Amid rising concerns over the spread of Islamist militant groups on the continent and several economies hit by a slump in commodities prices, the IOM's Michelle Bombassei says some African nations are clamping down on those migration flows.

"Security is becoming more and more an issue. As I said, migration is part of the tradition and the culture of the region and plays a major role in the economy within the region. But we also have to mention that in very specific areas, which are for instance affected by terrorism or by security threats of different kinds, the presence of large, large numbers of migrants, sometimes undocumented, is a concern for many governments, especially with the risk of infiltration of terrorists or armed groups of different kind."

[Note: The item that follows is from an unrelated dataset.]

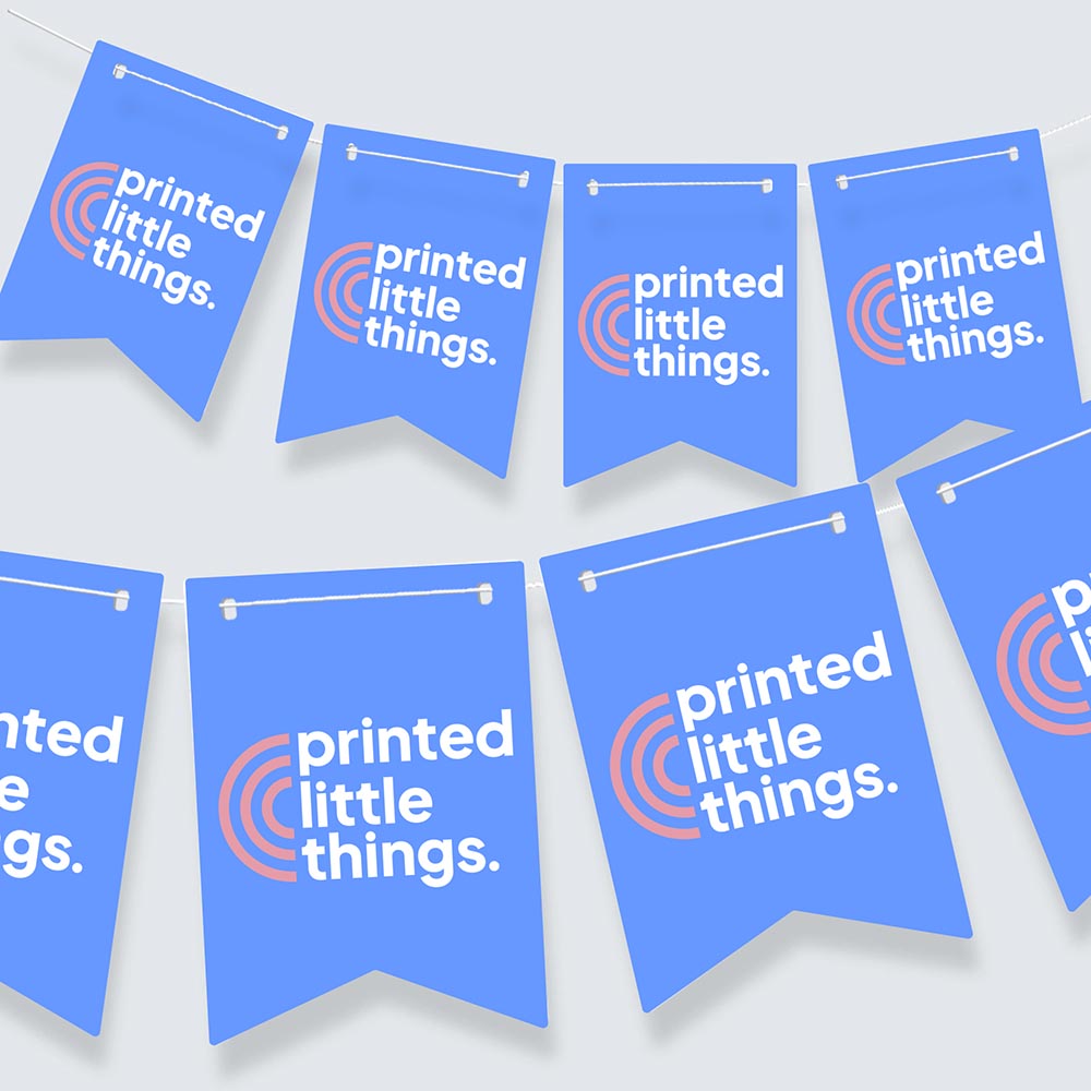 Add an extra element of personalisation to your next trade show or company event. What better way to show off your brand than with string of personalised flag-shaped logo bunting! Every metre of bunting holds four pendants. Simply upload your file, select your string colour, and the length that you require. Add special instructions at the checkout if you would like to further customise your design, and we can arrange for proofs to be sent to you.

 Cameroon, Niger and Chad have deported thousands of people in the face of attacks within their borders by Nigerian Islamist group Boko Haram. Amnesty International has documented thousands of deportations by Republic of Congo.

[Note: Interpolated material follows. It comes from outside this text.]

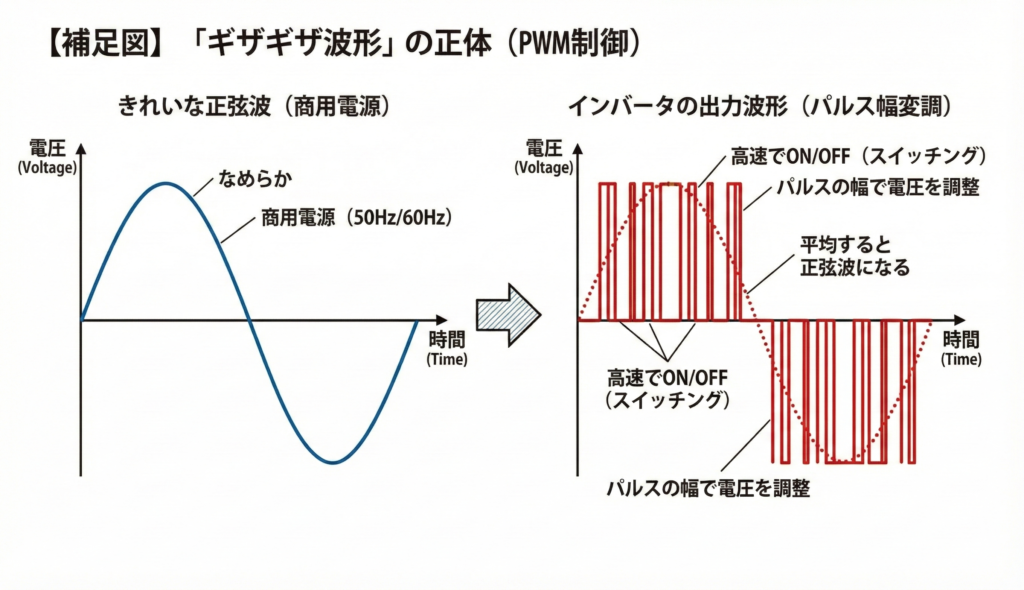 この「細切れにする(スイッチング)」ときに発生するのが、前回の記事で悪者になった「ギザギザ波形(高調波ノイズ)」の正体です。

 The foreigners, many of them from neighbouring Democratic Republic of Congo, were often simply put on canoes and shipped across the Congo river to Kinshasa.

 Alain Roy, from rights advocate Amnesty International, says such deportations shatter lives and exacerbate poverty, exposing the limits of pan-Africanism.

 "We're certainly concerned to see the same kind of attitudes that we have seen around the world and in Europe where whole societies tend to see migrants or refugees as 'others', as people who are not deserving humane treatment, and we've seen that happen also within Africa. So you have Africans who are treating Africans poorly."

 With European Union and African heads of state due to meet in Malta in November to discuss the Mediterranean migration crisis, experts say any solution needs to address the lack of economic possibilities in sub-Saharan Africa.

 The IOM's Michelle Bombassei says, "What's happening right now in the Mediterranean is just the last step of a long long process that, in many cases started here in West Africa. And we won't be able to address what is going on in the Mediterranean until we don't understand this link and we start working on that."